In the Wall Street Journal, Samuel Abrams writes that, after nearly two decades of teaching American politics at Sarah Lawrence, his students are arriving on campus skeptical of free markets and openly drawn to democratic socialism. They have never been taught how a modern economy works. By his account, fewer than one in four college students ever take an economics course, and barely 3% of colleges require one. By the time most students encounter formal economic reasoning, their political and moral frameworks are already set.
Abrams is right, and the stakes are as high as he says. Downstream of economic ignorance lies economic catastrophe. When voters cannot distinguish a price from a moral claim, an incentive from an injustice, or a correlation from causation, the policies they support will be disconnected from the causes those policies are meant to address. You can argue about economic policy with real disagreements, but you have to grasp the basics first. Otherwise, the argument is theater.
Abrams frames the problem primarily as a curricular failure. Schools have stopped teaching economics, and the vacuum is filled by emotionally compelling slogans on social media. That is true, and that is why FEE’s invisible college of residential experiences matters. What his diagnosis leaves out is that the slogans wouldn’t be so compelling if they didn’t land on a mind already pre-wired to accept them.

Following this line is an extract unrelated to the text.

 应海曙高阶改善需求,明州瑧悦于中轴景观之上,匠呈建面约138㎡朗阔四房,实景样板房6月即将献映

This is what cognitive scientists now call “folk economics.” In a 2018 paper in Behavioral and Brain Sciences, Pascal Boyer and Michael Bang Petersen argued that ordinary people hold a predictable set of intuitive beliefs about the economy, beliefs that systematically conflict with what economists know. They are the outputs of cognitive systems that evolved for small-scale, face-to-face exchange and that misfire when applied to anonymous, large-scale market economies.

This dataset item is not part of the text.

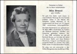 Eltern: Johannes Inhoffen u. Hubertine geb. Liebertz; ∞ 11.5.1920 Reinhold Brand, † 19.8.1965; Kinder: Marieluise, Irmgard u. Heinrich |

The folk-economic catalogue will be recognizable to anyone who has spent an evening arguing about policy. There is the zero-sum assumption that if someone gains, someone else must have lost. There is the lump of labor, the intuition that there is a fixed amount of work to go around, so immigrants take our jobs and, increasingly, so does artificial intelligence. There is the just-price intuition, the sense that prices ought to track moral desert or input cost rather than market scarcity. There is profit suspicion, the feeling that the merchant who buys low and sells high is parasitic rather than productive. There is distributional framing, the sense that the interesting question is who gets the pie rather than what makes the pie grow. And there is coalitional reasoning, the instinct to treat foreigners, big firms, and investors as an out-group whose gains are our losses.
Each of these intuitions made sense in a Pleistocene band of fifty hunter-gatherers. None of them describes how a modern economy of eight billion people, trillions of transactions, and centuries of accumulated capital actually works. But they feel right because they are how the human mind defaults when presented with a complex system it was never designed to model.
Even in an educational system entirely free of ideological bias, even in a republic of perfectly fair-minded teachers, folk economics would still be there, generating the same misunderstandings in every new generation. The problem is not only in our institutions. It is also in our intuitions.
That is the bad news. Now for the good. In a commentary on the same Boyer and Petersen paper, the cognitive scientist Alan Jern made an important point, summarized by the title of his paper: “People are intuitive economists under the right conditions.” The same evolved exchange psychology that produces broken macroeconomic intuitions, Jern argues, produces better ones in specific commercial settings. There is, as Adam Smith noted 250 years ago, a “rudimentary exchange psychology” natural to humans.
When people think about direct exchanges with incentives, prices, and effort, they’re often quite good. People who run a lemonade stand grasp quickly that if they raise the price too high, fewer customers will buy. People who shop, negotiate, save, and trade in their own daily lives reason about prices, quality, and incentives with real competence. Humans are good at the small-scale economics their psychology was built for. What trips them up is the leap from the stall to the system.
The work of economic education is too often to start with the intuitions students already use in daily life, and to extend those intuitions, carefully and explicitly, to the larger scales where folk economics breaks down.
The lemonade stand really is a small labor market. If you have to pay your cousin more than her help is worth to you, you hire her for fewer hours, or you don’t hire her at all. That is the same logic as the effect of artificially raised wages on entry-level employment. The student who already understands the lemonade case has already done a good deal of the cognitive work. What she needs is the bridge.
That task is translating evolved intuitions into accurate models of complex systems. Markets are great systems of cooperation, price discovery, and entrepreneurship. Teaching economics requires surfacing the intuitions and extending them to the large-scale domain they were not built to reach.
Most people will never learn that in a classroom. They will encounter it, if they do at all, in fragments, carried into the public square by people who know how to translate the logic of the system into the language of everyday life. In every generation, only a handful of people manage to do this well. They do not appear spontaneously. They are trained, refined, and given the tools to carry these ideas outward.
That is the second half of the task. Teaching economics in a form that can travel. For decades, that has been a central focus of FEE: building the bridge, and then developing the multipliers who can extend it.